It’s okay to pay for stuff that you could have gotten for free. Sometimes forking over your hard-earned cash is actually the optimal choice! It can save you time and frustration. The people who pay for freely available goods are people who understand the power of cost-benefit analysis. These people are business thinkers who take opportunity costs seriously. They always leverage comparative advantage.
Basically, the reason to pay for free information is the same reason why you might buy a sandwich from the deli instead of making your own. Buying the prepackaged version is easier, more convenient, and often more fun. If you’re low on time but have plenty of money — or at least enough money for the purchase you’re considering — then buying a ready-to-eat sandwich (or an instructional ebook, or a software service, etc) actually makes more sense than spending ten minutes slicing the cheese yourself.

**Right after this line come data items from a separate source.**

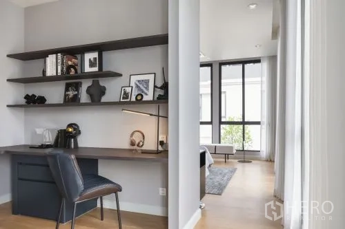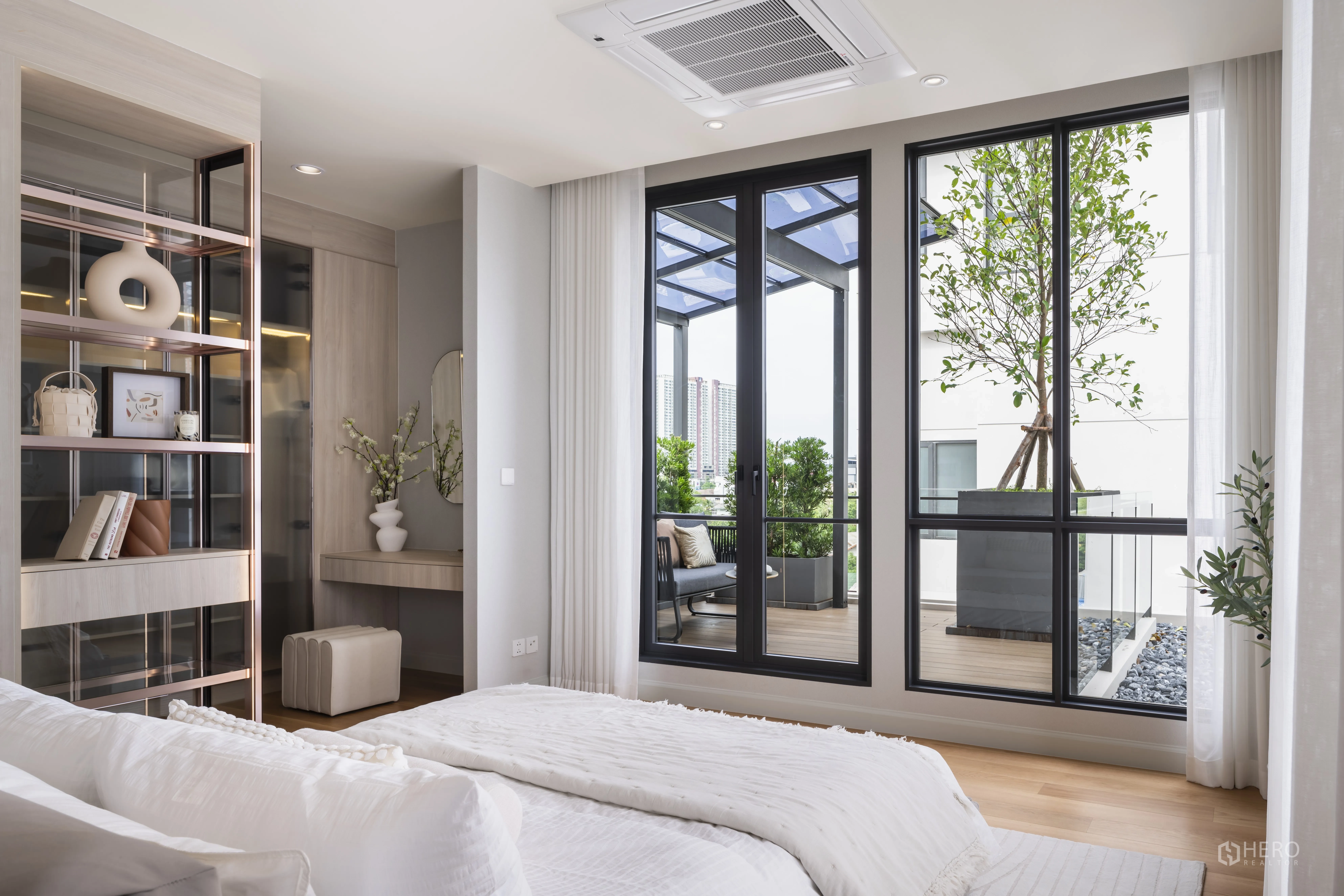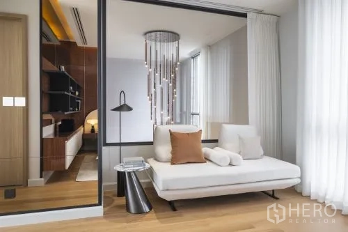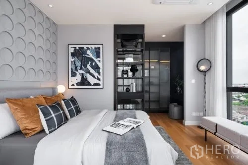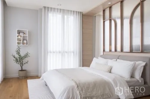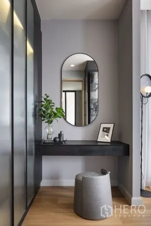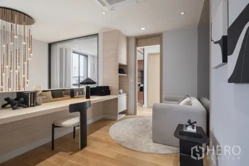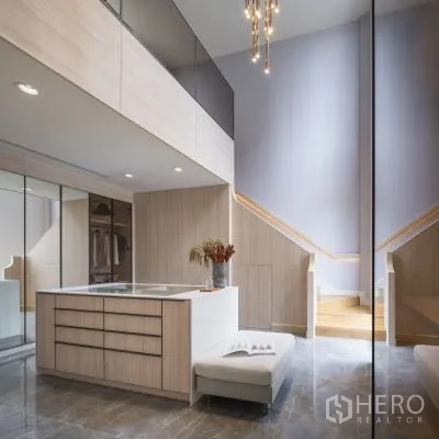 细节考究:定制发光玻璃展示柜、双圆形镜面与内建书桌,可作书房或梳妆角;中性色调、筒灯与天花送风口营造宁静现代氛围。区位便利,轻松通达 Central Plaza Rama 3、Chalerm Maha Nakhon 高速公路与 Bhumibol Bridge,快速连接曼谷各区。若您正在寻找空间宽敞、设计雅致且位置便捷的城市住宅,这套独栋别墅非常适合购买。欢迎咨询购买与看房。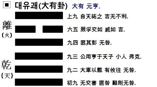 【주희(朱熹) 본의(本義)】 {대유(大有)는 가지고 있는 바가 큰 것이다. 리괘(離卦)가 건괘(乾卦) 위에 있으니, 불이 하늘 위에 있어서 비추지 않는 곳이 없다. 또 육오는 하나의 음이 존귀함에 있으면서 알맞음 얻었고, 다섯 양들이 호응을 하기 때문에 대유괘가 된다. 건괘는 굳세고 리괘는 밝으며, 존귀함에 거주하면서 하늘에 호응하므로 형통함의 도(道)가 있으니, 점을 치는 자가 이러한 덕(德)을 가지고 있다면 크게 착하면서 형통하다.}
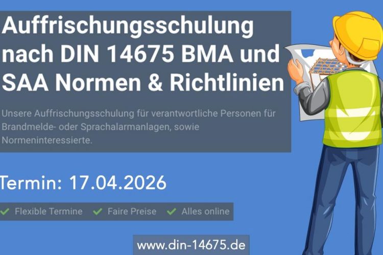 Unsere vollumfängliche Schulung zur verantwortlichen Person für Brandmeldeanlagen nach DIN 14675 Onlineschulung zur verantwortlichen Person für Brandmeldeanlagen nach DIN 14675: In jedem Unternehmen muss ein Mitarbeiter tätig sein, der die Prüfung zur verantwortlichen Person BMA nach DIN 14675 erfolgreich bestanden hat. Es ist völlig egal, bei welcher Gesellschaft Sie die Prüfung durchgeführt haben. Ab dem […]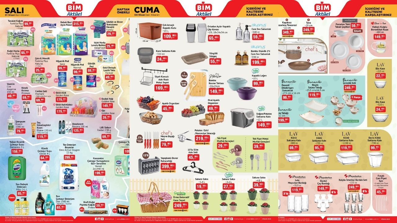 Nisan ayının ilk haftasında BİM yine dopdolu bir aktüel ürün listesiyle geliyor. 1-4 Nisan tarihleri arasında geçerli olacak indirimli ürünler kataloğu yayınlandı. Omix X6 cep telefonu, pet mama kabı, dikey buharlı ütü gibi ürünler dikkat çekerken, alışveriş tutkunları için kaçırılmayacak fırsatlar sunuluyor.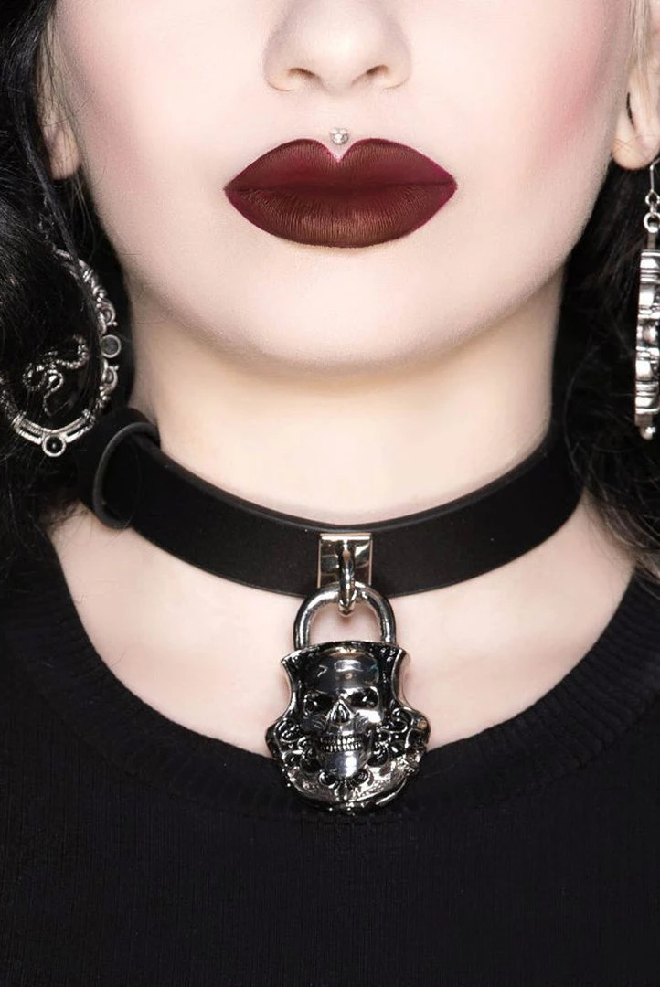 Hold yer head up high and step up yer choker game with the ‘Lock Me Up’ choker; a silver finish with a statement skull charm. Fully adjustable for the perfect fit. Be ready to make heads roll! Adds instant drama to your look!

Besides, someone who specializes in making pastrami sandwiches (or researching productivity techniques, or building time-tracking software) is likely better at it than you are. Paying them will not only save you time, it will also get you a better result than trying to roll your own solution.
Here are three things that I personally purchased in the past couple of months that I could have gotten for free:
- $39.95 for an https certificate and installation thereof from A Small Orange. I could have spent a few hours figuring out Let’s Encrypt instead.
- $79.98 for tax services from H&R Block. Is it possible to file your taxes without using software like this? Totally. Is it frustrating? Yes, to the extent that I would cry.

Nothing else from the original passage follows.